#### [TASK DESCRIPTION]
Look below for the line with "것을 번역한 것이다." and the line with "Bulgaria has $27.3B". Copy exactly those two lines and every line between, but not the pictures.

#### [DATASET]

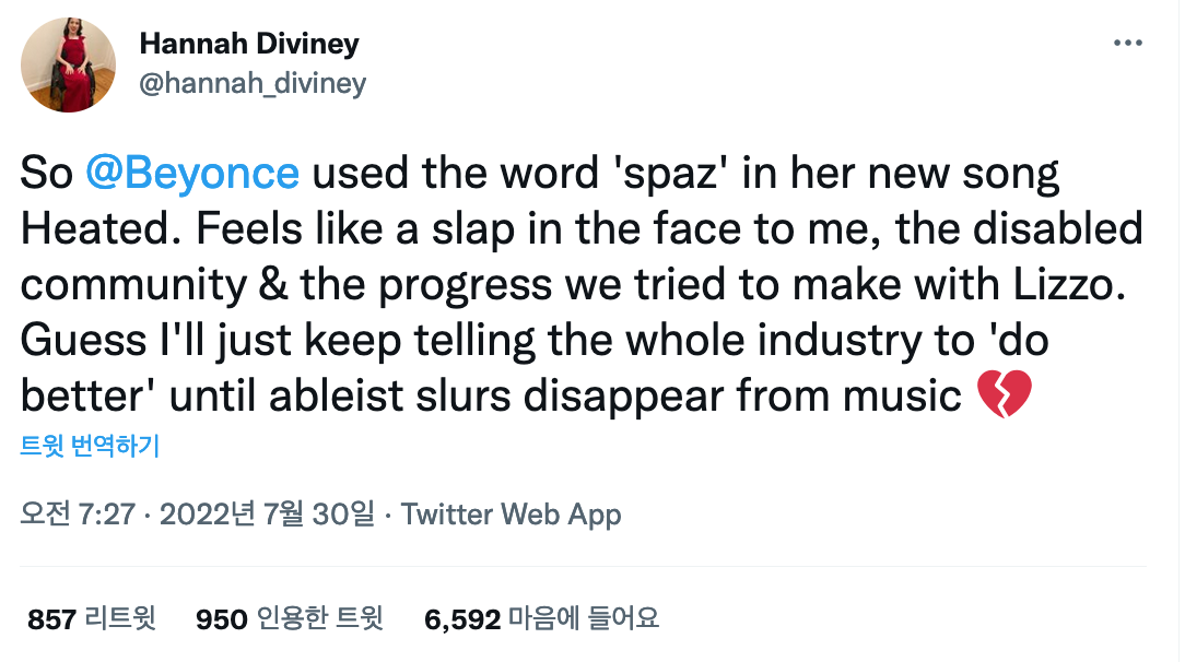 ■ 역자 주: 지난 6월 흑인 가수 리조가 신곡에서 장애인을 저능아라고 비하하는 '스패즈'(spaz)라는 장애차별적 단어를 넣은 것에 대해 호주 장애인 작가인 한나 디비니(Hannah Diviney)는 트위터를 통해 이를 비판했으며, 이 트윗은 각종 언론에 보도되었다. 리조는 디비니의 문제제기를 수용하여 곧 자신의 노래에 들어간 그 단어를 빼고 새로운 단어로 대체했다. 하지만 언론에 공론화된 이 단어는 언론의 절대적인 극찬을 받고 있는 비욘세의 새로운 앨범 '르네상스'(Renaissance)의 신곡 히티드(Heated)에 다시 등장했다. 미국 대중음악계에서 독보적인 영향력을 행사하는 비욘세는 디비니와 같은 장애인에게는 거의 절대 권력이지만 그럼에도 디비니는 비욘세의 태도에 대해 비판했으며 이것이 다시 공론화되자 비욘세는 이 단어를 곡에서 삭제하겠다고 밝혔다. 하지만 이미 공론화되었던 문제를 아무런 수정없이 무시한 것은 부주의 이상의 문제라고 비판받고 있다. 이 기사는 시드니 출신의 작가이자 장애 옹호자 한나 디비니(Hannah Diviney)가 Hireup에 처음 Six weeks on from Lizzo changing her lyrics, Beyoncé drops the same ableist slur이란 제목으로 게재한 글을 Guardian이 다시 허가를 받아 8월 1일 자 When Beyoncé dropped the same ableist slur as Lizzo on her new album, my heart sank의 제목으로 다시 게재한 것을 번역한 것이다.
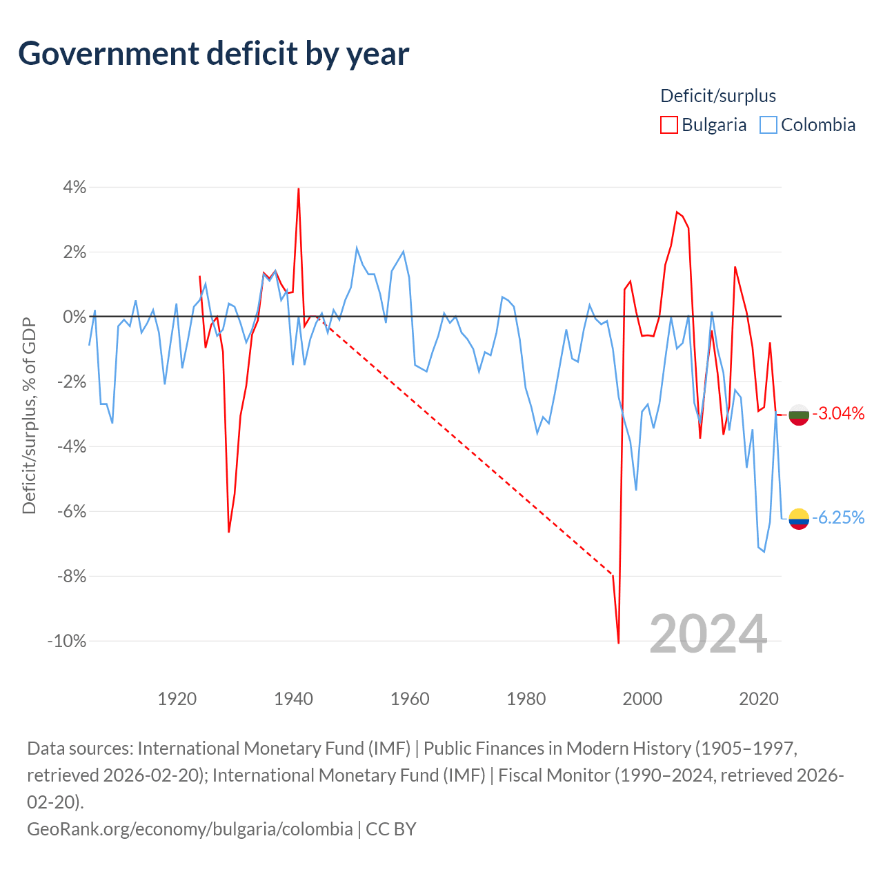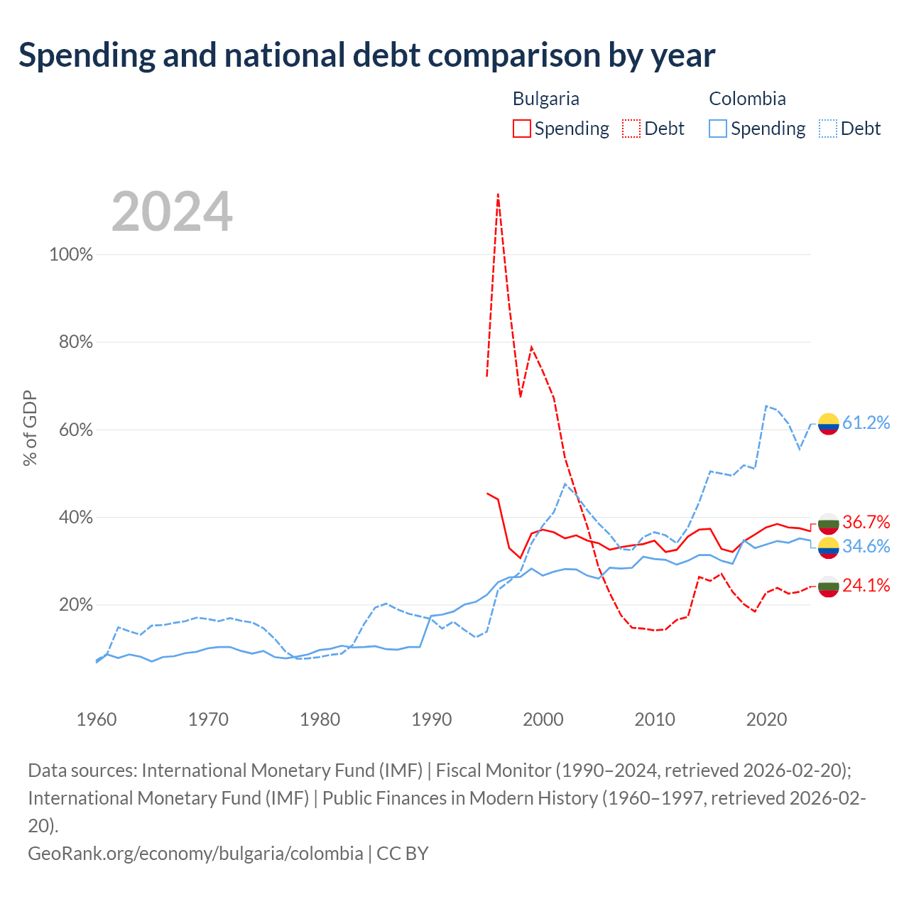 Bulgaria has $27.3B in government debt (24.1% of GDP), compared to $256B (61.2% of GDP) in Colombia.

==

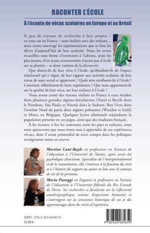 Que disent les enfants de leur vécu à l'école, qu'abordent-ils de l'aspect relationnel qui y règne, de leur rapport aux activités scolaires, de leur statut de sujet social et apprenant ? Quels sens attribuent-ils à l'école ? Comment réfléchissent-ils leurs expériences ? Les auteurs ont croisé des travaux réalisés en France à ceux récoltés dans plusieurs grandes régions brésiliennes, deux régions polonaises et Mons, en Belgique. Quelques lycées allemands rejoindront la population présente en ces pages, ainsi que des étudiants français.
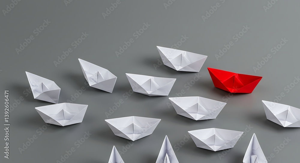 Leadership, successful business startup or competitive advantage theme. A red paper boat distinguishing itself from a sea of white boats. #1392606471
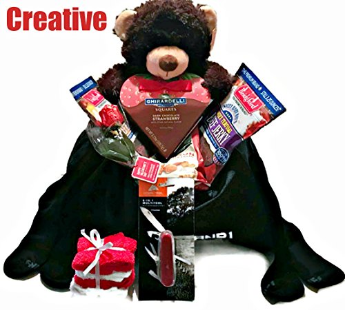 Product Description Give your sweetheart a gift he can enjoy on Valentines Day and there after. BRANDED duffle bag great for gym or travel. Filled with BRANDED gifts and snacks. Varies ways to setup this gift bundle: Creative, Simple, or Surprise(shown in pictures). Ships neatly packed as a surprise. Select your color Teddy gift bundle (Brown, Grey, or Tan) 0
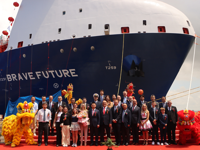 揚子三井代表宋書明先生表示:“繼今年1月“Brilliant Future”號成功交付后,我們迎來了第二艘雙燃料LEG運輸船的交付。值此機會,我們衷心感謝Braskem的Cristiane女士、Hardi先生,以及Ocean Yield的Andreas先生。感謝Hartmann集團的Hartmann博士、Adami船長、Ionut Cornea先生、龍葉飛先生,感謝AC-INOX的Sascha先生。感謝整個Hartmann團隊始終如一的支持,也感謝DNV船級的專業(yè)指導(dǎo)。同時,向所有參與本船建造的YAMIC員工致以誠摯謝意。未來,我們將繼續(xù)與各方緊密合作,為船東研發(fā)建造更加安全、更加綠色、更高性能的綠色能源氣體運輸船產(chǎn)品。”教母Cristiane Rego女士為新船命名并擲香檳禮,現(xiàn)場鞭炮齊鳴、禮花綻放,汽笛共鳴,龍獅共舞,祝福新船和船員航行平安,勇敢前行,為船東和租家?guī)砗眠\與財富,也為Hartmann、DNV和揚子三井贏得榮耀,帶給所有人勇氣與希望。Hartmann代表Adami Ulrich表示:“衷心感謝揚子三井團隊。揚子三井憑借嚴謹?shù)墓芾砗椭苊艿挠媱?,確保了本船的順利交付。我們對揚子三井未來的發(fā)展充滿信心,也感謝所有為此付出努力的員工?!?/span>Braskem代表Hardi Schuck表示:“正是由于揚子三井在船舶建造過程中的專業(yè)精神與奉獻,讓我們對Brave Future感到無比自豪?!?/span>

---

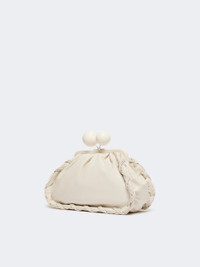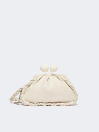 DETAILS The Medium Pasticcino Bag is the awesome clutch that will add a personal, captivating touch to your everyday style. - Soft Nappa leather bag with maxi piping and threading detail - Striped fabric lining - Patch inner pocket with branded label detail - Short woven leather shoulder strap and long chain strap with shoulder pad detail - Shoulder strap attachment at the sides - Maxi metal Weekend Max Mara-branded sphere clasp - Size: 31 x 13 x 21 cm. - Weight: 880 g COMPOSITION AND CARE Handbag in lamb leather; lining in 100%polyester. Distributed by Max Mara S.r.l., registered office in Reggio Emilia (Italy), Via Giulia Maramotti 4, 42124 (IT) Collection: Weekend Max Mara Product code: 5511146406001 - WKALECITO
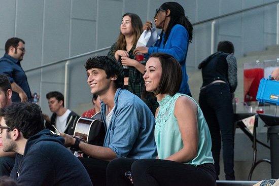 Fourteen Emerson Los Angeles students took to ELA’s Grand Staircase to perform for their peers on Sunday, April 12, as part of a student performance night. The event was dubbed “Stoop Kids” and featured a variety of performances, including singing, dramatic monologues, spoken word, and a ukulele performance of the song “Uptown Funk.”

#### [WRITTEN SOLUTION]
 ■ 역자 주: 지난 6월 흑인 가수 리조가 신곡에서 장애인을 저능아라고 비하하는 '스패즈'(spaz)라는 장애차별적 단어를 넣은 것에 대해 호주 장애인 작가인 한나 디비니(Hannah Diviney)는 트위터를 통해 이를 비판했으며, 이 트윗은 각종 언론에 보도되었다. 리조는 디비니의 문제제기를 수용하여 곧 자신의 노래에 들어간 그 단어를 빼고 새로운 단어로 대체했다. 하지만 언론에 공론화된 이 단어는 언론의 절대적인 극찬을 받고 있는 비욘세의 새로운 앨범 '르네상스'(Renaissance)의 신곡 히티드(Heated)에 다시 등장했다. 미국 대중음악계에서 독보적인 영향력을 행사하는 비욘세는 디비니와 같은 장애인에게는 거의 절대 권력이지만 그럼에도 디비니는 비욘세의 태도에 대해 비판했으며 이것이 다시 공론화되자 비욘세는 이 단어를 곡에서 삭제하겠다고 밝혔다. 하지만 이미 공론화되었던 문제를 아무런 수정없이 무시한 것은 부주의 이상의 문제라고 비판받고 있다. 이 기사는 시드니 출신의 작가이자 장애 옹호자 한나 디비니(Hannah Diviney)가 Hireup에 처음 Six weeks on from Lizzo changing her lyrics, Beyoncé drops the same ableist slur이란 제목으로 게재한 글을 Guardian이 다시 허가를 받아 8월 1일 자 When Beyoncé dropped the same ableist slur as Lizzo on her new album, my heart sank의 제목으로 다시 게재한 것을 번역한 것이다.
 Bulgaria has $27.3B in government debt (24.1% of GDP), compared to $256B (61.2% of GDP) in Colombia.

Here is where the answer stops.